For me, I started coming of political age in my midteens during the end of the Sixties and during the Watergate and My Lai hearings, so my political/life views skewed both idealistically and cynically, a kind of split personality. I have vacillated between the two and sometimes formed an uncomfortable marriage between them.
I tried basically to determine what I thought was fair and focused on that. But I’ve been influenced by my friends, the courses I studied, the newspapers I read, the people I admired. I did most often go toward sources that shared my viewpoint, though not to those that shared it obnoxiously and indiscriminately. I did go to sources I thought gave a balanced view when I could. I go to the New York Times as my primary news source although I don’t look at it uncritically.
I think when you begin to define yourself as a liberal/progressive or a conservative or a libertarian, there is often an almost unconscious desire to belong to that club and to fall in line without totally thinking it through. I’ve been guilty of that. I think people will tend to spout the approved line with less vetting when it is about subjects they are not personally involved in, but will be much more in depth and passionate about things they truly care about and things that involve them and those they love and there will be much more nuance and much more of their own language and their own words in their arguments as opposed rehash and repeating of pundits/etc talking points.

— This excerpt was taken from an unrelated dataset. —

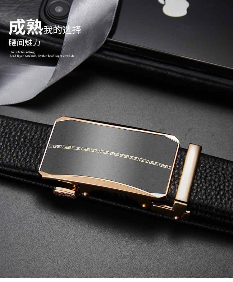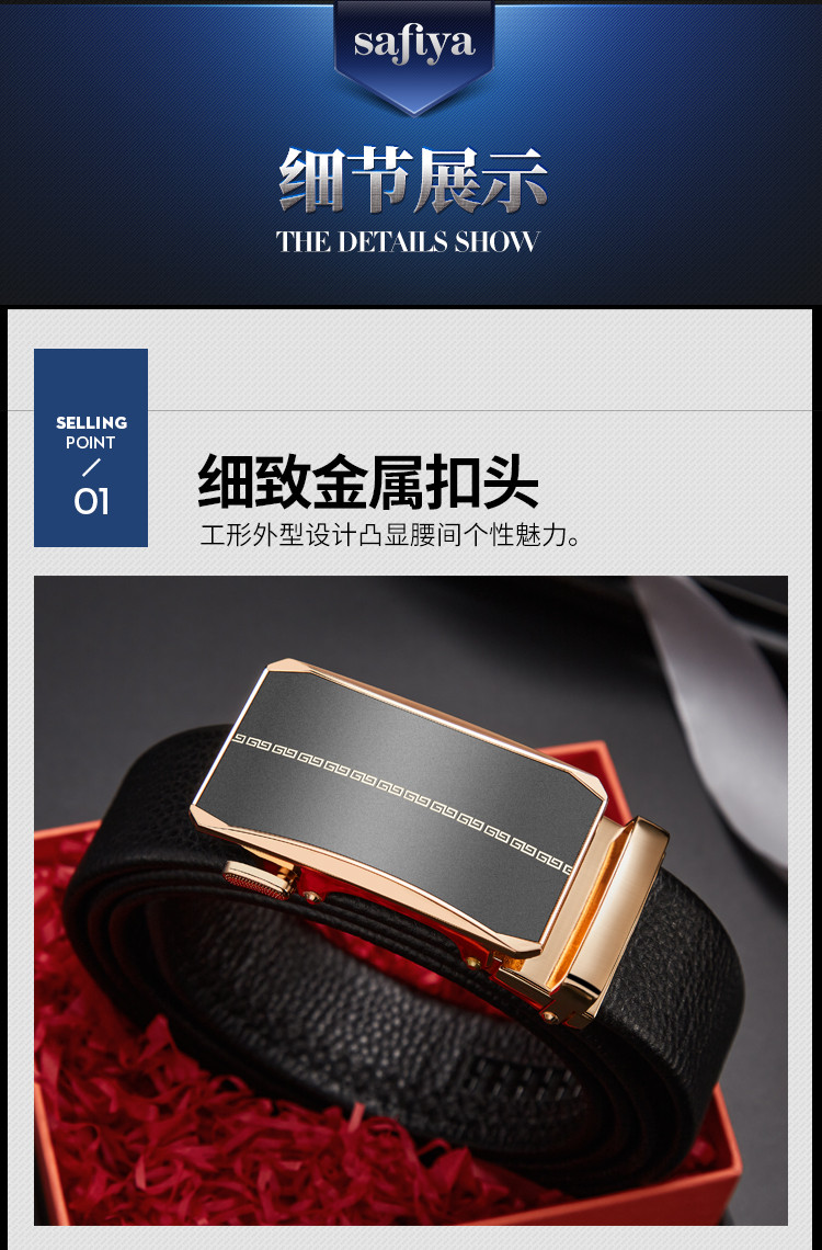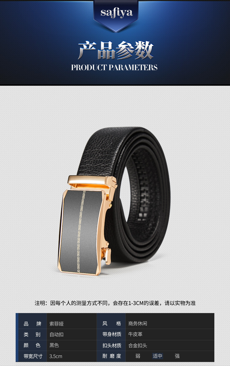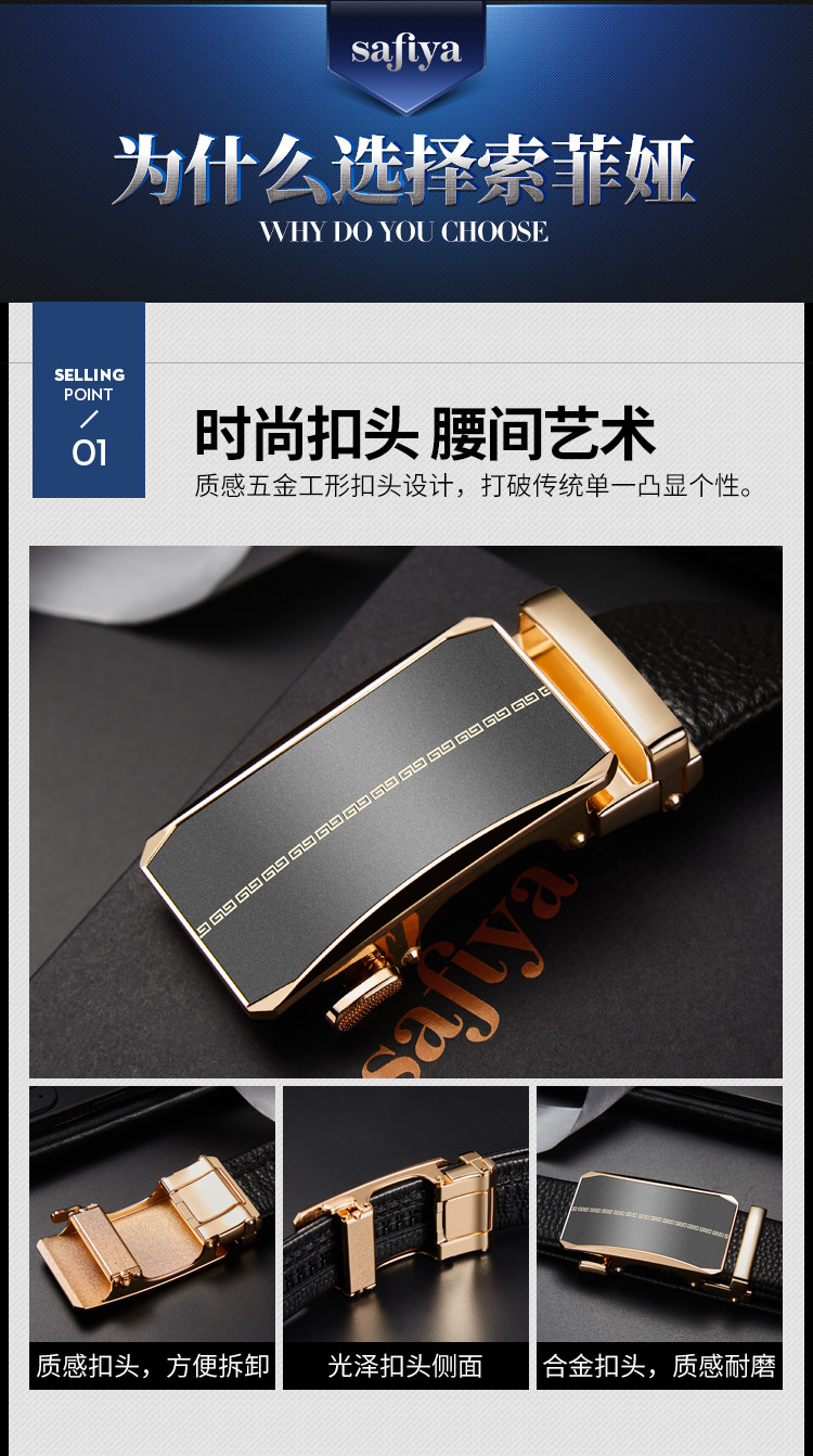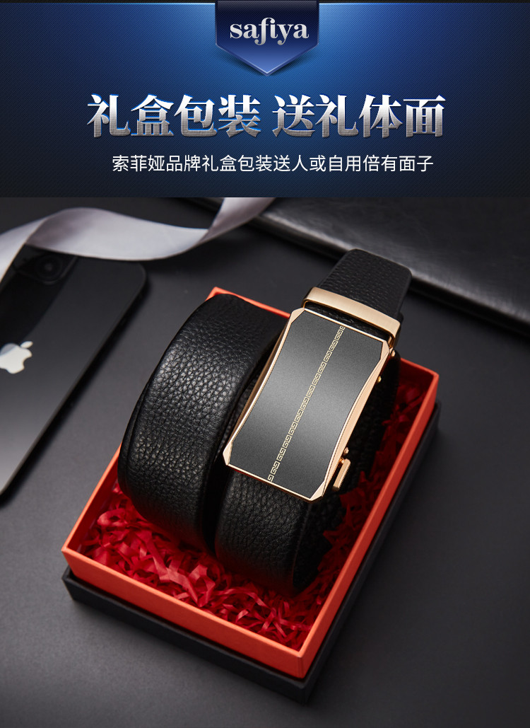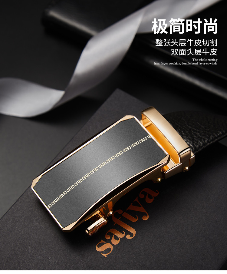 Safiya/索菲娅 头层牛皮2023新款男士皮带自动扣腰带简约百搭腰带SF500021Y

I think people become wed to an ideology. For some reason, any deviation from the ideology is ceding points to the other side. The media, the consultants, the experts often have a financial interest in polarization and nurture it and elevate the petty to a big issue. They make it not just a point of view, but a moral view—divide the sides into demons and uniformed naives vs. saints and informed sophisticates. Peer pressure, polarization, limited sources of information, identification with pundits or other admired people who hold a view, repetitive arguments feed into that narrow viewpoint. I also think that a lot of ideology is defensiveness.
Both sides look for information that only supports their side, making them not very good debaters. Good debaters know the best arguments of their opponents, don’t just prey on the weak ones. A good debater knows how to cede a point without weakening their own argument.
I also think Americans particularly seem to have a need to be part of something bigger than they are. I think it’s a little like identifying sometimes overly strongly with your ethnicity. We don’t really have a definition as Americans. We are sometimes desperately looking for definition, a place we belong. And we are trained to see things in black and white. We are raised on political myth on both sides. Neither side has the patience to listen to the other side. They jump on a few statements a person makes and label that person, limit that person, marginalize them. I don’t have the contempt I think many people do toward someone who does not agree with them. I don’t think they are necessarily illogical when they come to a different conclusion than I do.
But I don’t really find most people that I know to be be ideologues. I see movement back and forth between positions. I find a lot of people that I know to be pragmatic, to weigh between different solutions and viewpoints. I don’t necessarily see what I see in the media reflected in real life especially when people shed their political skins.